Sep 282018
 


A bien écouter ce que déclare le Seigneur, il est étonnant que nous ne trouvions pas parmi nous plus de manchots, d’estropiés et de borgnes. Car enfin, il n’est point douteux que nous ayons tous été une fois ou l’autre entraînés à pécher par notre œil, notre main ou notre pied. Est-ce donc que nous n’avons pas le courage d’agir conformément à ce qu’Il nous demande ? N’est-ce pas plutôt que nous ne l’écoutons pas vraiment et que nous pensons que, comme tout ce qui a rapport avec la morale évangélique, Jésus hypertrophie les problèmes comme le faisaient tous les conteurs de son temps afin de nous bien faire comprendre son message. Car au fond, pensons-nous, Il ne nous demande pas un tel sacrifice, tout comme Il n’exige rien de ce que nous serions incapables de faire ? Enfin espérons…

Il est évident, même si parfois certains ont pu prendre au pied de la lettre son discours, que notre Seigneur ne nous demande pas de nous automutiler. Cela serait du masochisme et cela serait surtout à l’opposé de ce qu’il convient de faire. Dieu ne veut pas la mort du pécheur, pas plus sa mutilation, il souhaite simplement qu’il se convertisse. Et la conversion nécessite que l’on prenne les moyens pour y parvenir. Il est vrai que nous pouvons pécher de multiples manières, mais, en connaissant chacune des faiblesses de notre personnalité, nous découvrirons alors que certaines apparaissent comme dominantes. L’un pèchera plus facilement par son langage, un autre aura tendance à toujours regarder avec envie ce qu’il ne lui appartient pas ; ou s’emportera facilement devant une situation difficile. Nous avons tous en nous des tendances dominantes et il faut donc en faire le tour afin de mieux se connaître.

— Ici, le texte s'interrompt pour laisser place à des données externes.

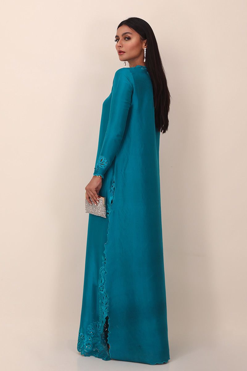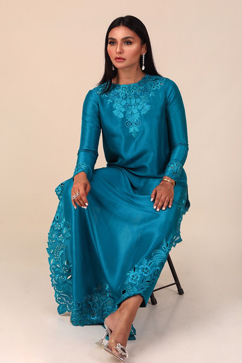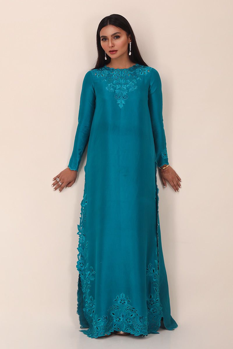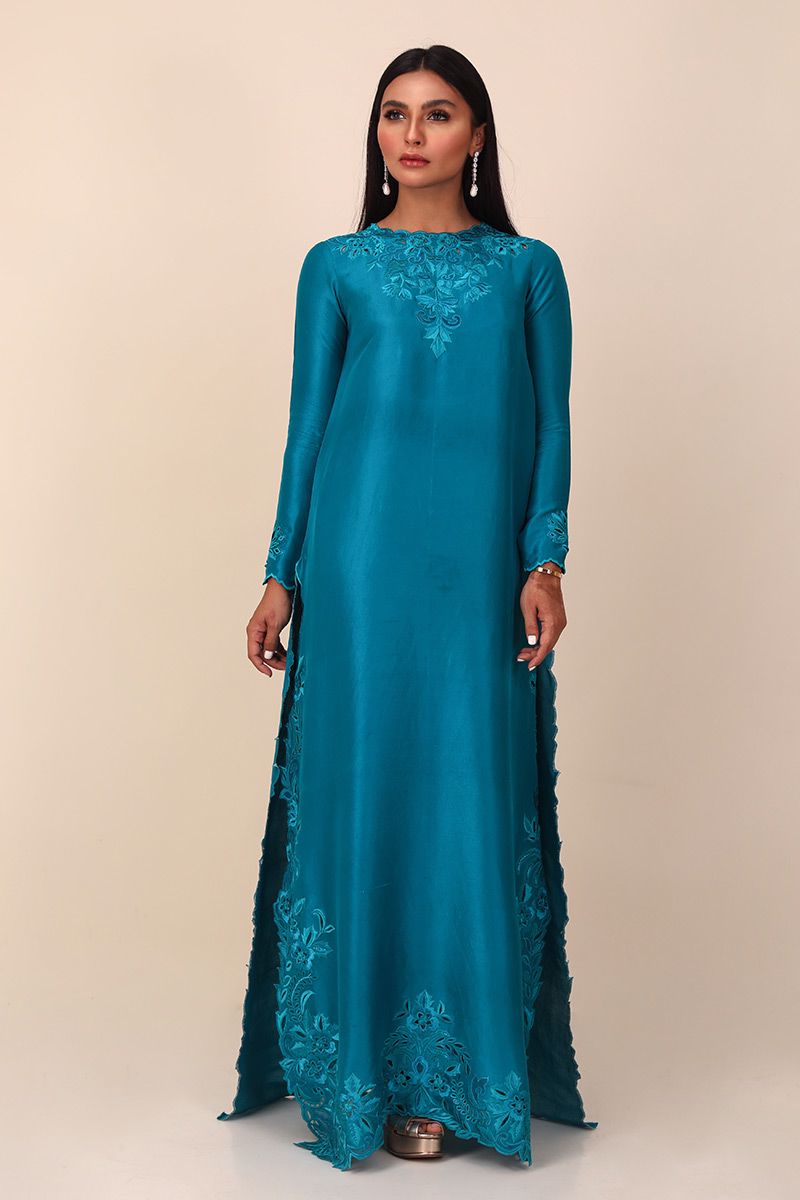 A deep peacock long pure raw silkĀ  floor length shirt designed with intricate thread work of resham and organza comprising of various stitches making a floral pattern with cutwork on all over the shirt maintaining the classic look. To complete of the look same color pure raw silk pants is paired and can be purchased separately.

Dans un deuxième temps il s’agit ensuite d’éviter ce que les théologiens de la morale appellent les occasions de pécher. A celui qui ne peut s’empêcher de manger des éclairs au chocolat, il faut lui conseiller de choisir son itinéraire de telle sorte qu’il ne soit jamais amené à passer devant une boulangerie. A celui qui ne peut se retenir de regarder la télévision, il faut lui conseiller de ne pas mettre de téléviseur chez soi. Aux fiancés qui souhaitent vivre chastement leurs fiançailles en vue d’établir un mariage solide et durable, il faut leur conseiller de ne jamais se retrouver seuls la nuit dans une même chambre. Car « Qui aime le danger y tombera » dit l’Ecclésiastique.

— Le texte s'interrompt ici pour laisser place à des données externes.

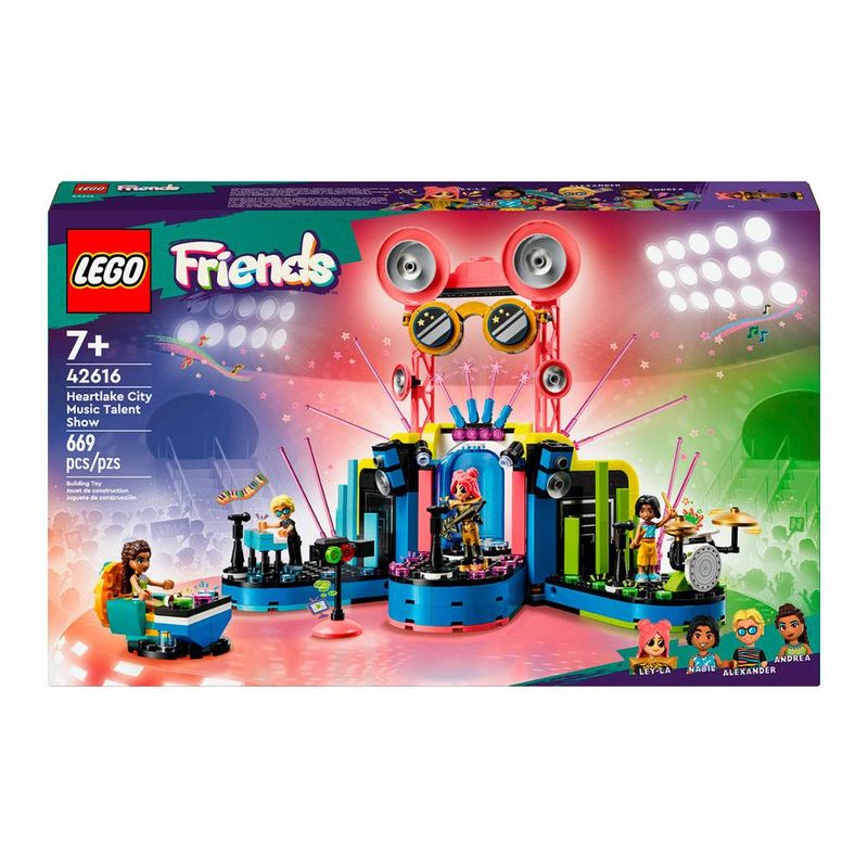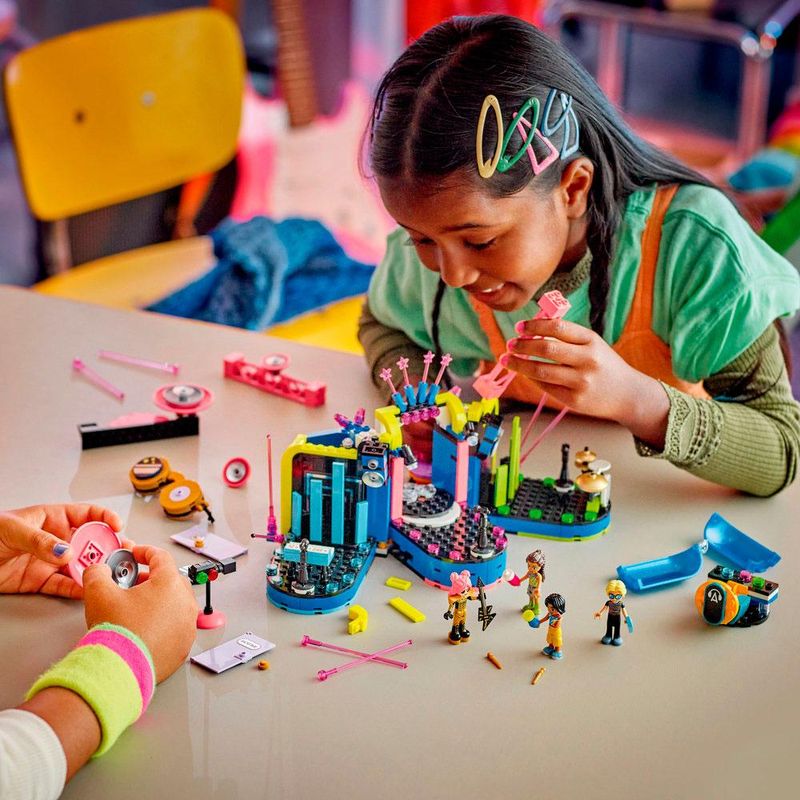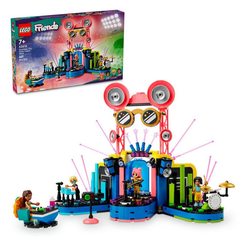 Crianças que adoram programas de talento podem dar um show com este conjunto LEGO® Friends Programa de Talentos Musicais de Heartlake City (42616) para crianças maiores de 7 anos. O conjunto inclui um palco musical de brinquedo com área de bastidores, mesa de jurado, 4 minibonecos e vários acessórios.Este conjunto infantil oferece horas de diversão. As crianças podem dar um show usando os diferentes músicos. Há a cantora Ley-La, um tecladista e baterista com engrenagens especiais que giram para fazer as duas figuras se moverem enquanto tocam em seus próprios palcos. É divertido criar momentos dramáticos enquanto as crianças colocam a Ley-La na plataforma giratória para sua grande entrada. As histórias continuam enquanto os participantes relaxam nos bastidores. Depois, as crianças podem encenar a grande final enquanto a Andrea usa os botões em sua mesa de jurado para escolher o ato vencedor.Este brinquedo de faz de conta é uma ideia de presente musical divertido para crianças e um kit de construção ótimo para ajudar a continuar o desenvolvimento social e emocional.

Et quand donc il s’agit de lectures, de visites, de rencontres, de films auxquels on peut se soustraire sans inconvénients notables, il n’y a pas lieu d’hésiter. Au lieu de les rechercher, on les fuit comme on fuit un serpent venimeux.
Mais il y a des occasions qu’on ne peut éviter, ce sont celles qu’on rencontre chaque jour, en soi et en dehors de soi. Ces dernières ne peuvent être vaincues que par ce qu’on appelle la mortification et la prière.